<<<<

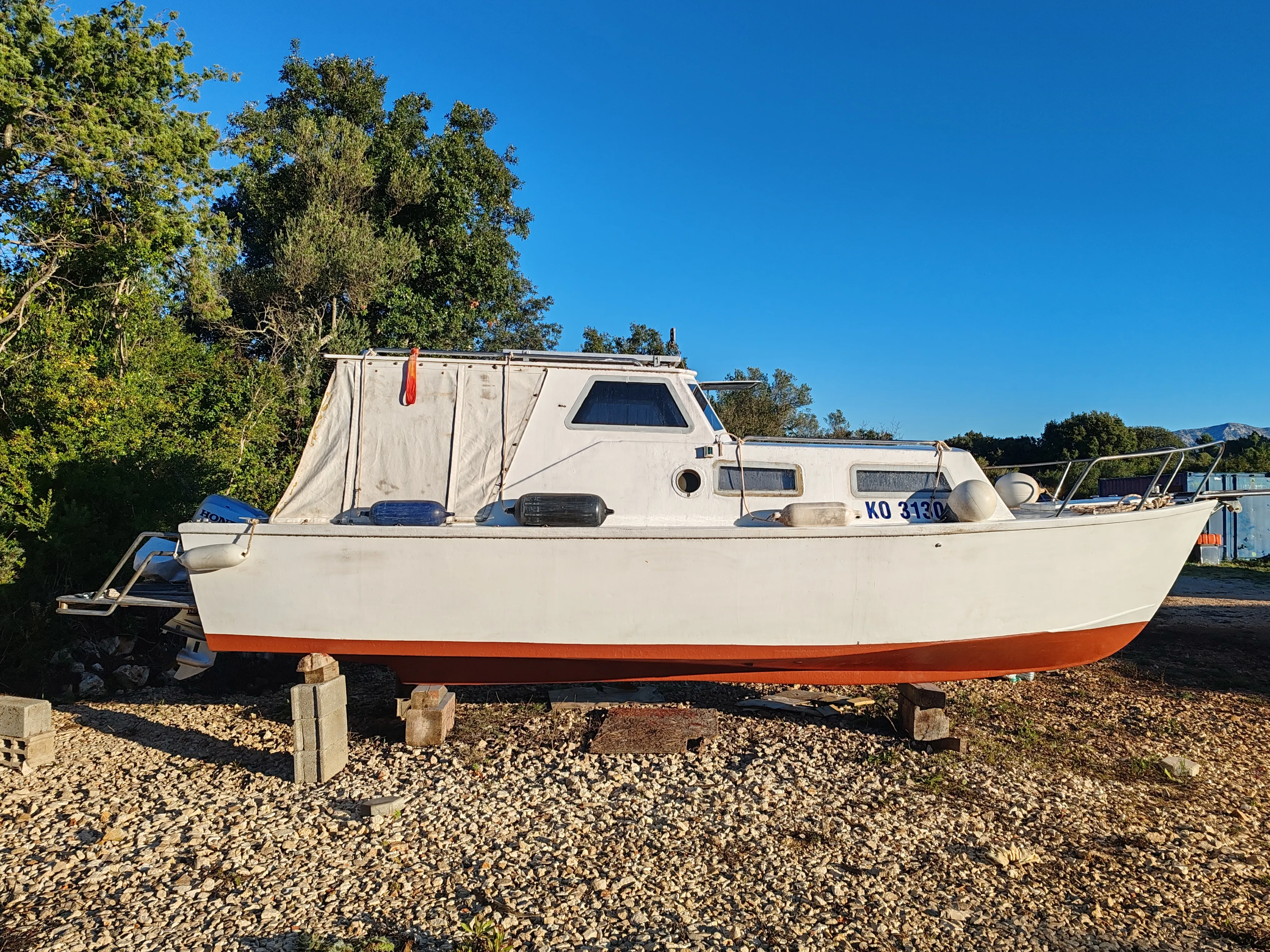 Pilotina van de Stadt, barka 7.0m, vodonepropusna šperploča plastificirana,platforma metar+spirun po metra-8.5m preko svega. Kabina vrlo komotna za dvoje sa spužva-kušini, wc, kuhalo, sklopivi stol, sidite,pod pajolima dva akumulatora, 4 pumpice za sekanje, solari, vhf, eho sonder, radio+zvučnici, vanjski roštilj, motor Honda 50+rezervar 30l,cruising brzina 10 milja/max 15milja, jedino tenda nije original već sam je improvizira.Cijena nije fiksna.
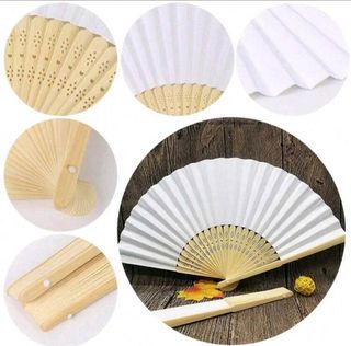 Se venden 50 abanicos de mano de color blanco. Son ideales para bodas, fiestas o cualquier evento especial. Están nuevos y sin usar. 50 abanicos 50€ - Vienen en un paquete. - Son de madera. - Perfectos para regalar.
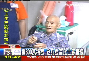 臺灣花蓮縣82歲的退伍老兵洪中海,將600萬新臺幣的畢生積蓄全部捐出,近日榮登亞洲慈善英雄榜。圖片來源:臺灣TVBS電視臺
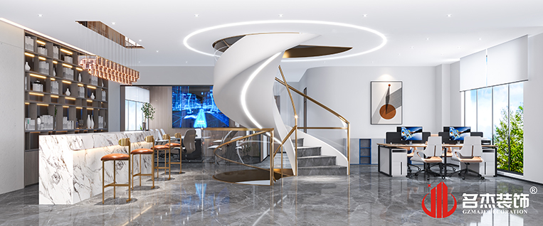 考慮到企業(yè)是以銷售為主,簡約的風(fēng)格是可以讓辦公室裝修設(shè)計(jì)空間看起來更加干練,同時沒有過多的裝飾,讓空間變得更加有效率。在展廳區(qū)域采用科技感強(qiáng)烈的元素,讓空間充滿未來感。而在休閑區(qū)則是使用簡約而不簡單的元素,加上燈帶的烘托下,舒適休閑的感覺油然而生,可以讓員工緊張的情緒得到放松。
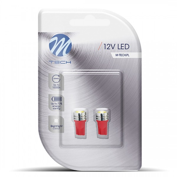 T10 W5W 12V W2,1×9,5d LED 1xHP ΚΟΚΚΙΝΟ (ΚΑΡΦΩΤΟ ΑΚΑΛΥΚΟ) BLISTER 2ΤΕΜ. M-TECH
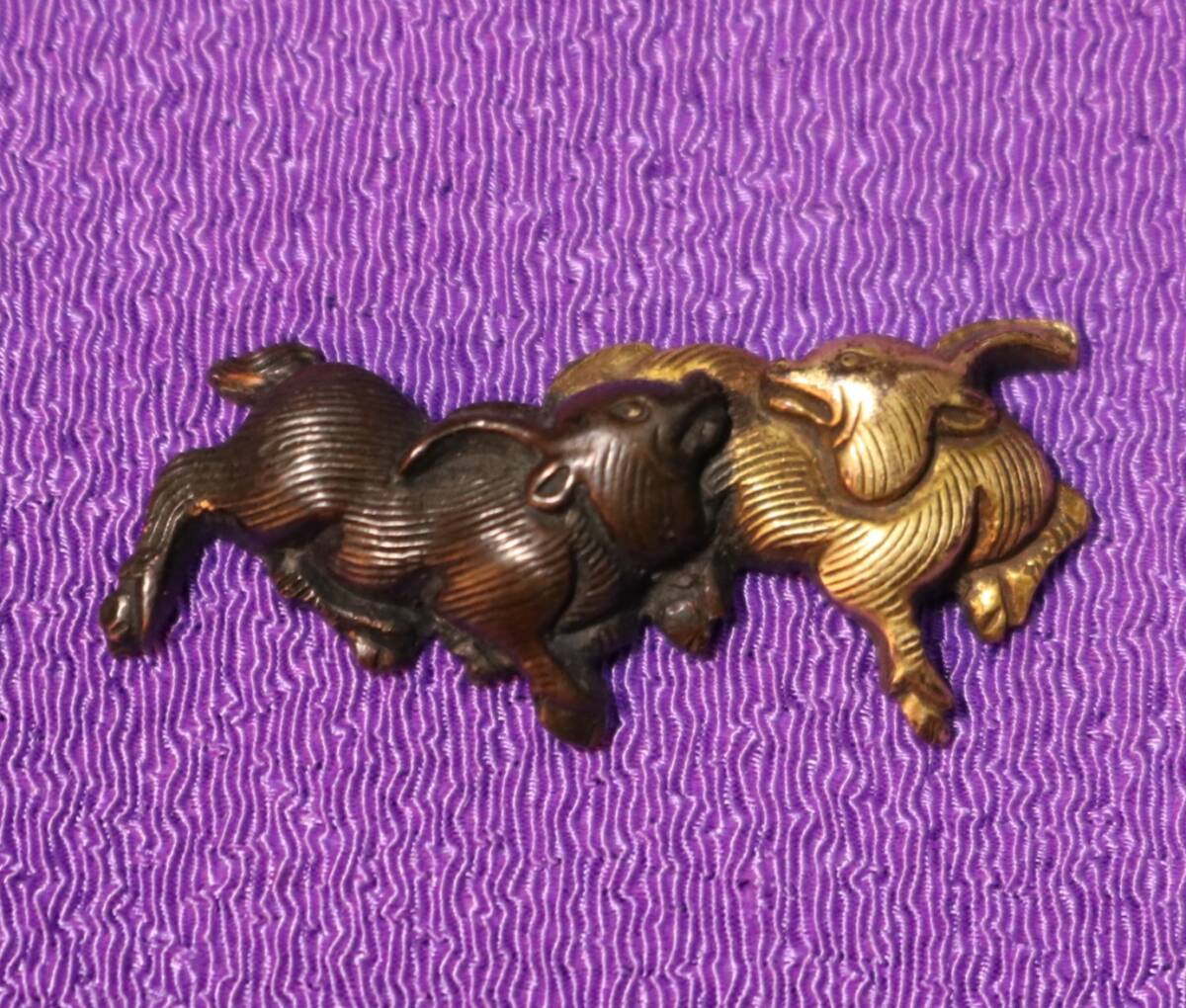 - 猛禽二体図~古銅、刀剣片目貫 古金工 刀装具
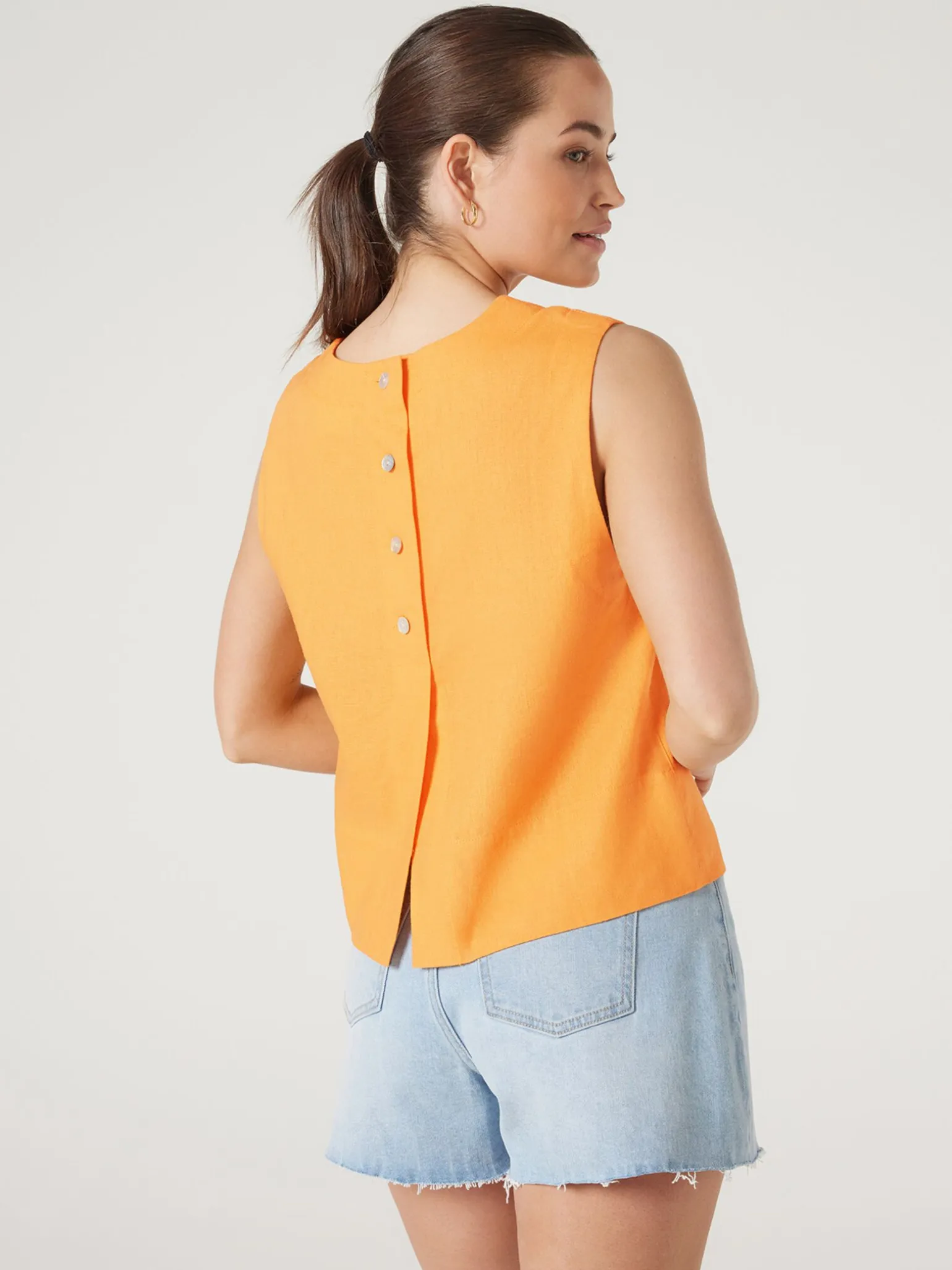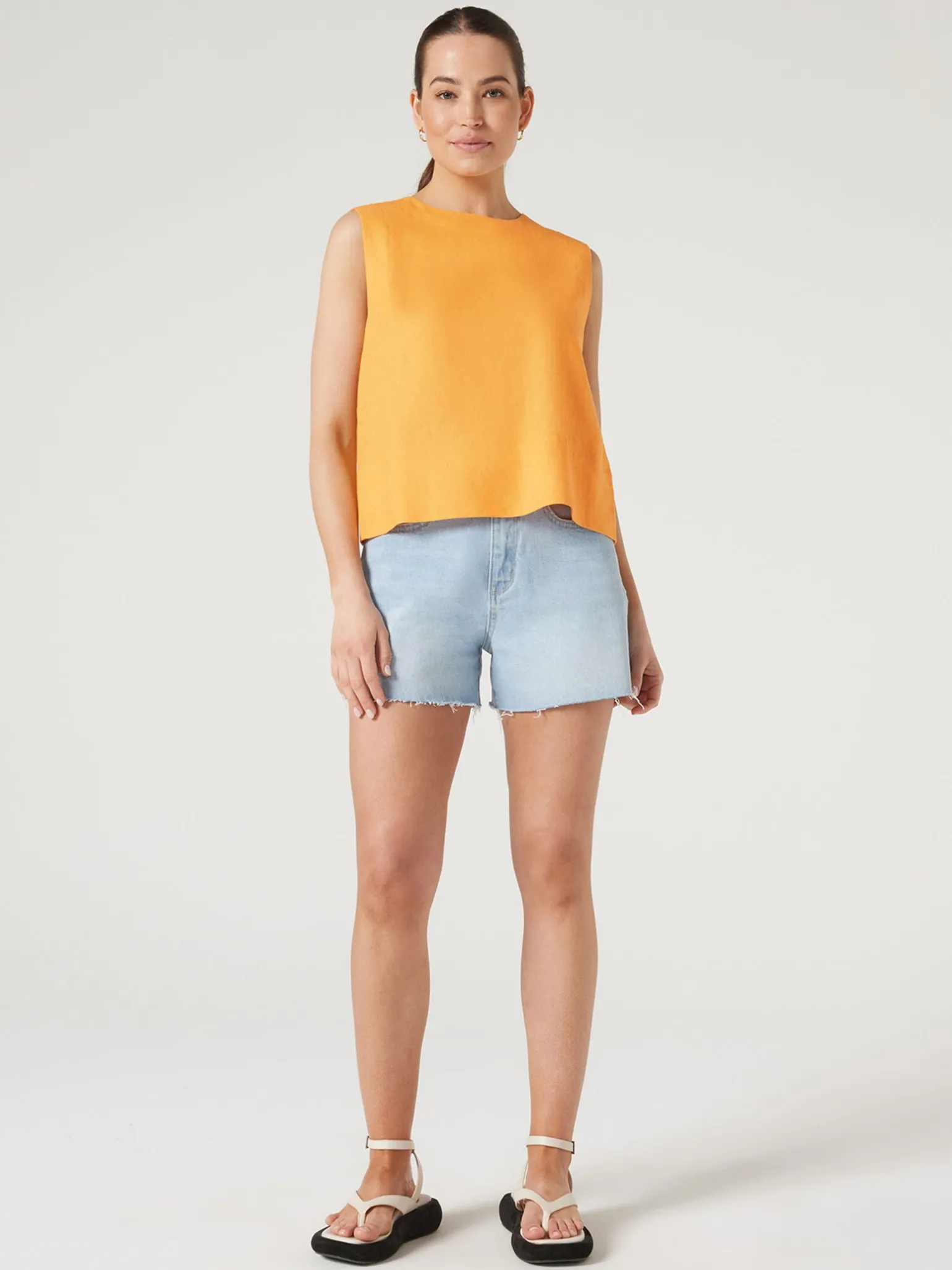 This flattering linen tank is the perfect basic to dress up or down for versatile outfit options. With a boxy, cropped, sleeveless structure, and crew-neck, this style pairs perfectly with high waisted denim or linen trousers.

>>>>

WORK REQUEST:
Every entry belongs in the answer exactly as written, but no picture does.

SOLUTION TO THIS TASK:
 Pilotina van de Stadt, barka 7.0m, vodonepropusna šperploča plastificirana,platforma metar+spirun po metra-8.5m preko svega. Kabina vrlo komotna za dvoje sa spužva-kušini, wc, kuhalo, sklopivi stol, sidite,pod pajolima dva akumulatora, 4 pumpice za sekanje, solari, vhf, eho sonder, radio+zvučnici, vanjski roštilj, motor Honda 50+rezervar 30l,cruising brzina 10 milja/max 15milja, jedino tenda nije original već sam je improvizira.Cijena nije fiksna.
 Se venden 50 abanicos de mano de color blanco. Son ideales para bodas, fiestas o cualquier evento especial. Están nuevos y sin usar. 50 abanicos 50€ - Vienen en un paquete. - Son de madera. - Perfectos para regalar.
 臺灣花蓮縣82歲的退伍老兵洪中海,將600萬新臺幣的畢生積蓄全部捐出,近日榮登亞洲慈善英雄榜。圖片來源:臺灣TVBS電視臺
 考慮到企業(yè)是以銷售為主,簡約的風(fēng)格是可以讓辦公室裝修設(shè)計(jì)空間看起來更加干練,同時沒有過多的裝飾,讓空間變得更加有效率。在展廳區(qū)域采用科技感強(qiáng)烈的元素,讓空間充滿未來感。而在休閑區(qū)則是使用簡約而不簡單的元素,加上燈帶的烘托下,舒適休閑的感覺油然而生,可以讓員工緊張的情緒得到放松。
 T10 W5W 12V W2,1×9,5d LED 1xHP ΚΟΚΚΙΝΟ (ΚΑΡΦΩΤΟ ΑΚΑΛΥΚΟ) BLISTER 2ΤΕΜ. M-TECH
 - 猛禽二体図~古銅、刀剣片目貫 古金工 刀装具
 This flattering linen tank is the perfect basic to dress up or down for versatile outfit options. With a boxy, cropped, sleeveless structure, and crew-neck, this style pairs perfectly with high waisted denim or linen trousers.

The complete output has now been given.